(Data begins)

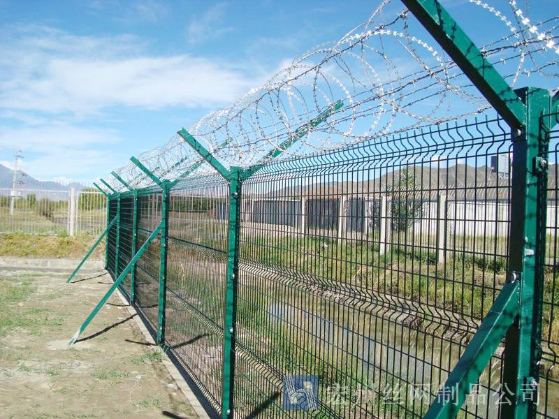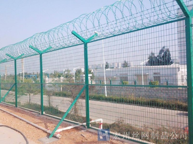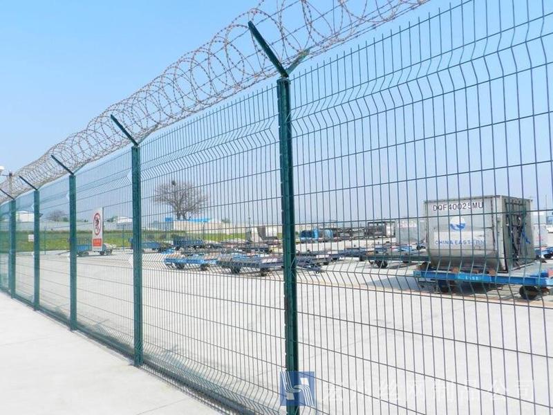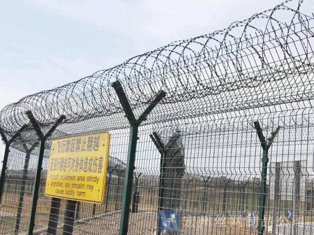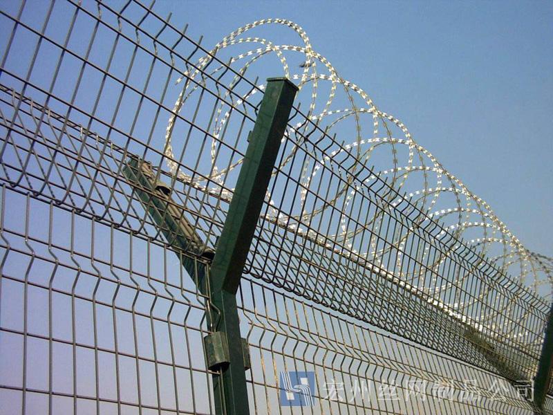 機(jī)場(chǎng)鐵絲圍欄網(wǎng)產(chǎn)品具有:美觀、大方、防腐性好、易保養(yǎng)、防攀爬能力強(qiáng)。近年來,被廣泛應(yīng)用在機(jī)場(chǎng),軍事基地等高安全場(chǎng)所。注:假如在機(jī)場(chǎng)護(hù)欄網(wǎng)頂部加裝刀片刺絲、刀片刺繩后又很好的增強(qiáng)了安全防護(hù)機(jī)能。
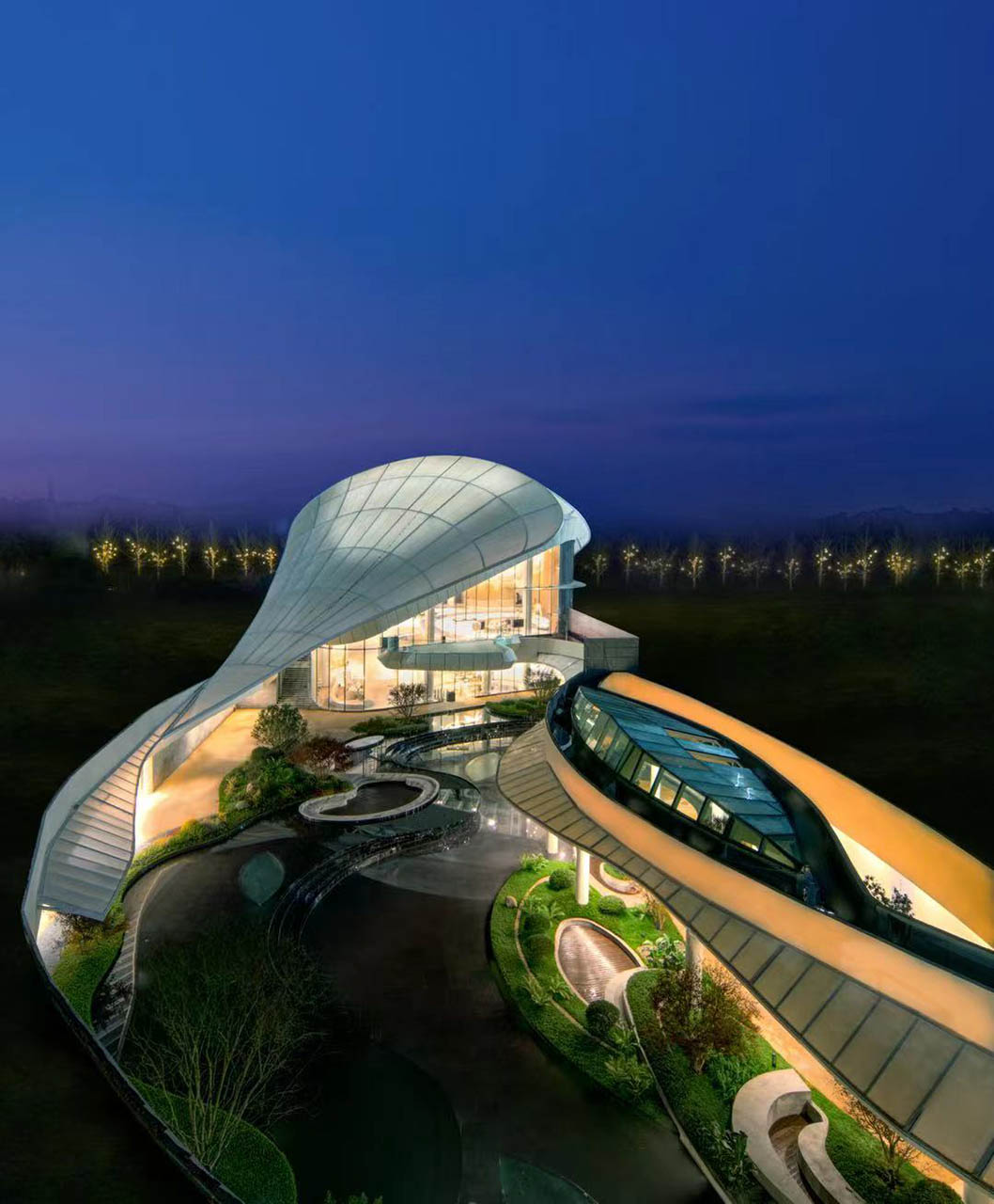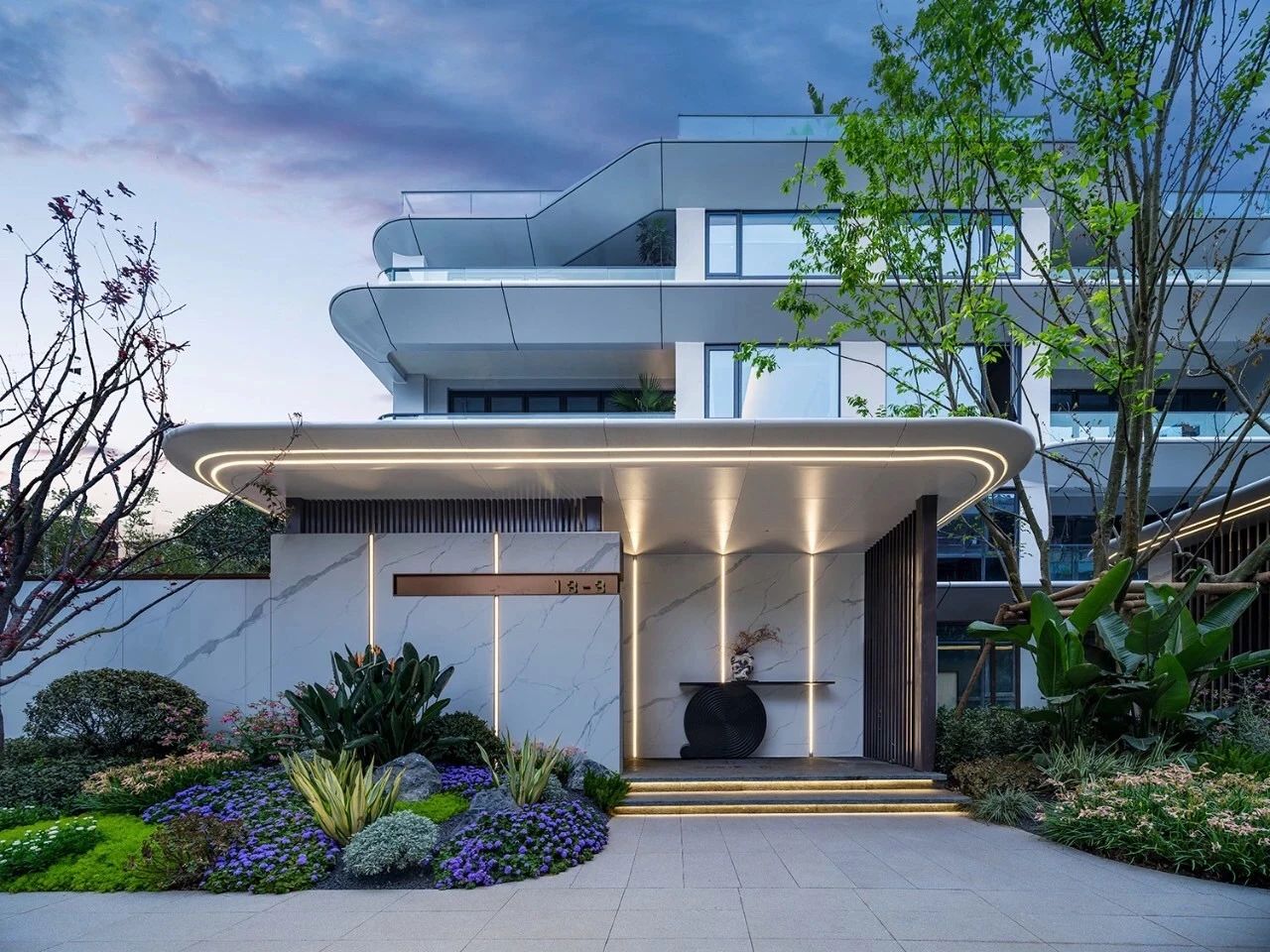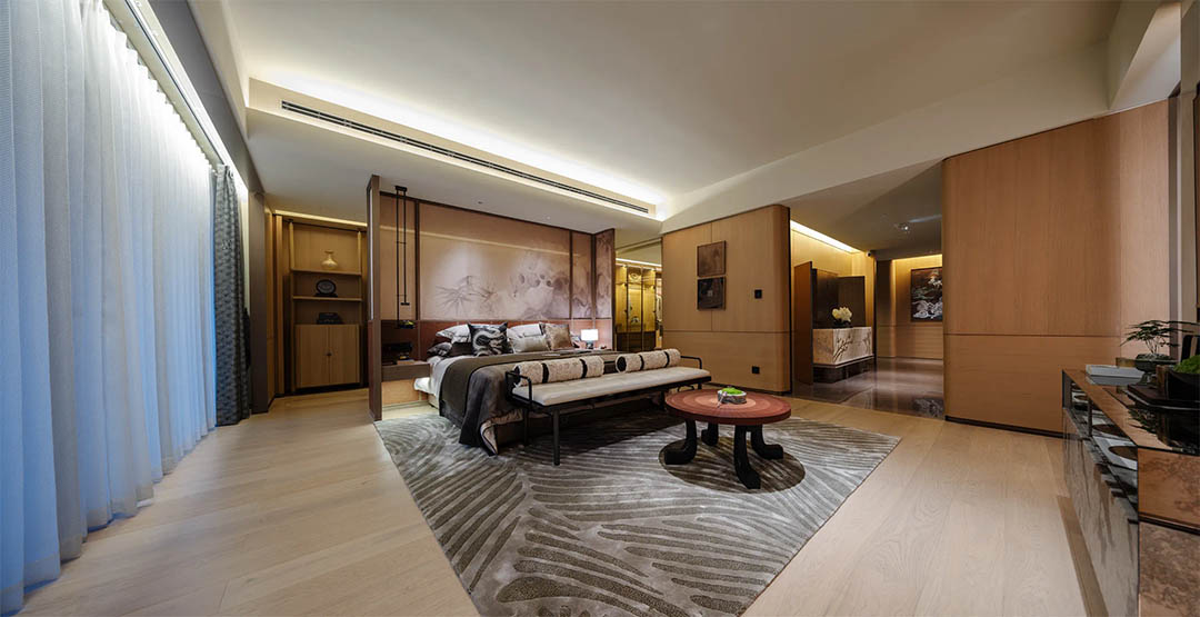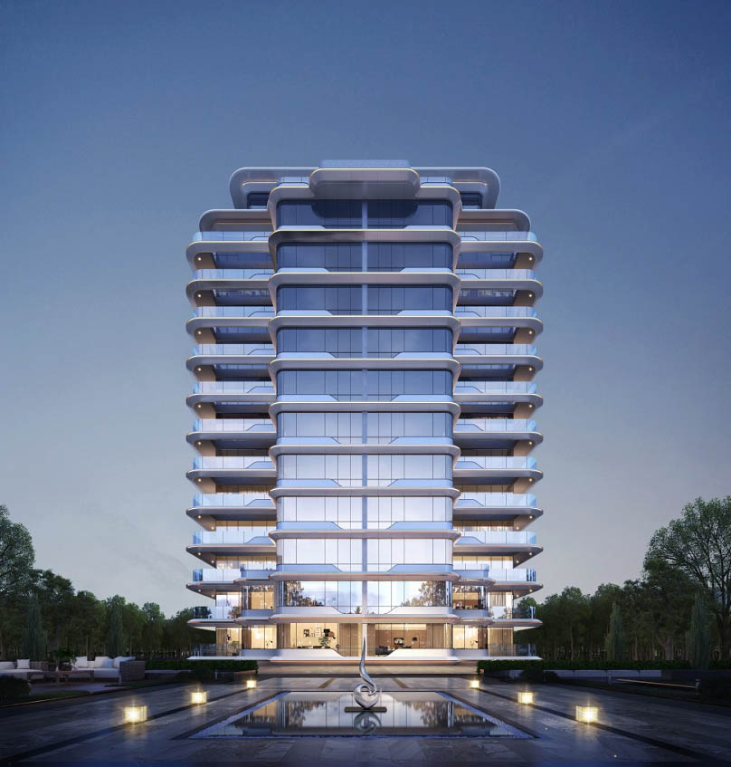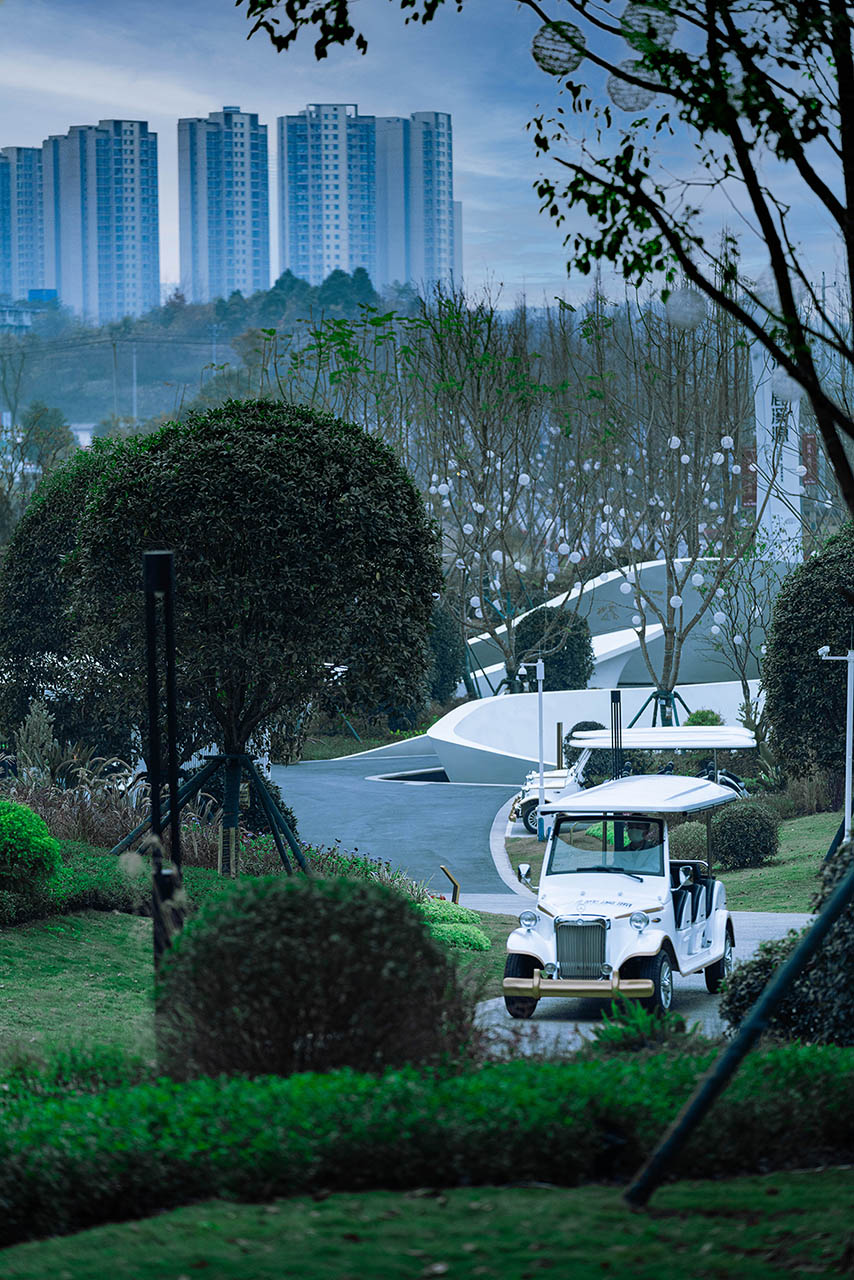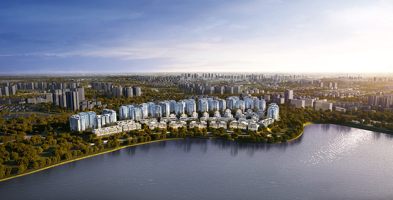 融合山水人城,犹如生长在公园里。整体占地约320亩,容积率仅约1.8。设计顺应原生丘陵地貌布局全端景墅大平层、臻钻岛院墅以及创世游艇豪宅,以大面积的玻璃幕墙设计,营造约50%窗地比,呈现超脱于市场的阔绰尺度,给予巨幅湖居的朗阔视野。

(Data ends)
(Data begins)

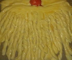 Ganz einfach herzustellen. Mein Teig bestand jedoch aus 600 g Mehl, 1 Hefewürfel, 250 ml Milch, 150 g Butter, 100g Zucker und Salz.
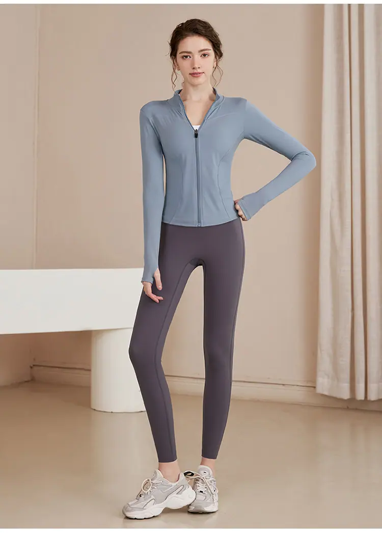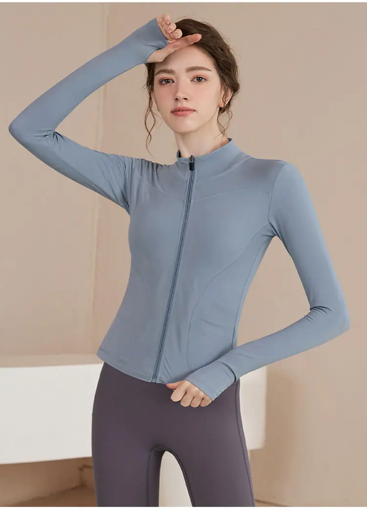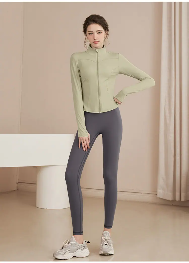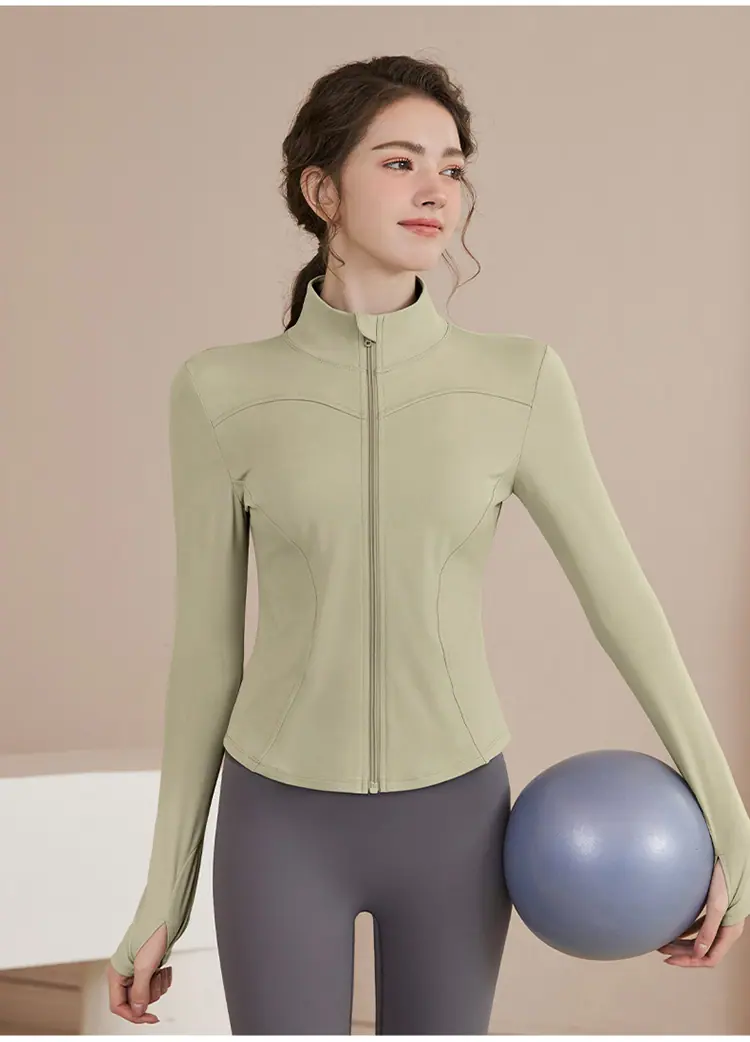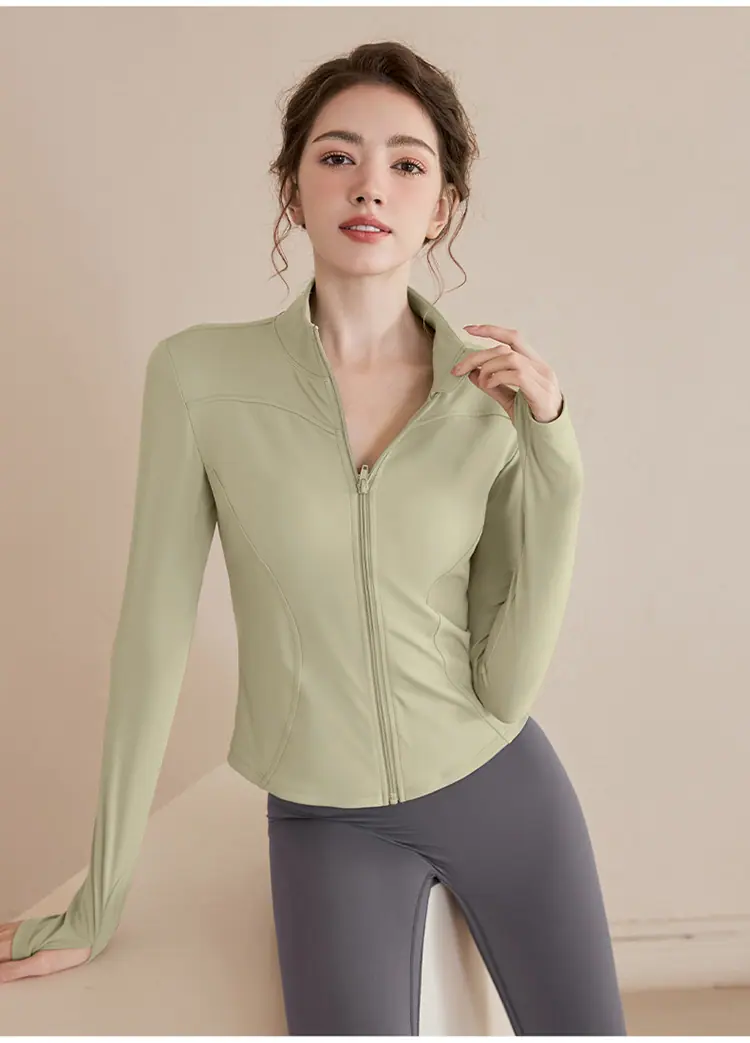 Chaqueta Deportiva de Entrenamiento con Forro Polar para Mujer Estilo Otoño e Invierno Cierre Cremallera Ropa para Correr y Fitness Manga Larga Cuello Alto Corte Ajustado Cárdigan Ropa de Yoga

(Data ends)

* [Work to be completed] Output exactly the lines above that lie between the line with "機(jī)場(chǎng)鐵" and the line with "融合山水人城,犹如生长在公园", those two lines included, and no pictures.

* [Written answer]
 機(jī)場(chǎng)鐵絲圍欄網(wǎng)產(chǎn)品具有:美觀、大方、防腐性好、易保養(yǎng)、防攀爬能力強(qiáng)。近年來,被廣泛應(yīng)用在機(jī)場(chǎng),軍事基地等高安全場(chǎng)所。注:假如在機(jī)場(chǎng)護(hù)欄網(wǎng)頂部加裝刀片刺絲、刀片刺繩后又很好的增強(qiáng)了安全防護(hù)機(jī)能。
 融合山水人城,犹如生长在公园里。整体占地约320亩,容积率仅约1.8。设计顺应原生丘陵地貌布局全端景墅大平层、臻钻岛院墅以及创世游艇豪宅,以大面积的玻璃幕墙设计,营造约50%窗地比,呈现超脱于市场的阔绰尺度,给予巨幅湖居的朗阔视野。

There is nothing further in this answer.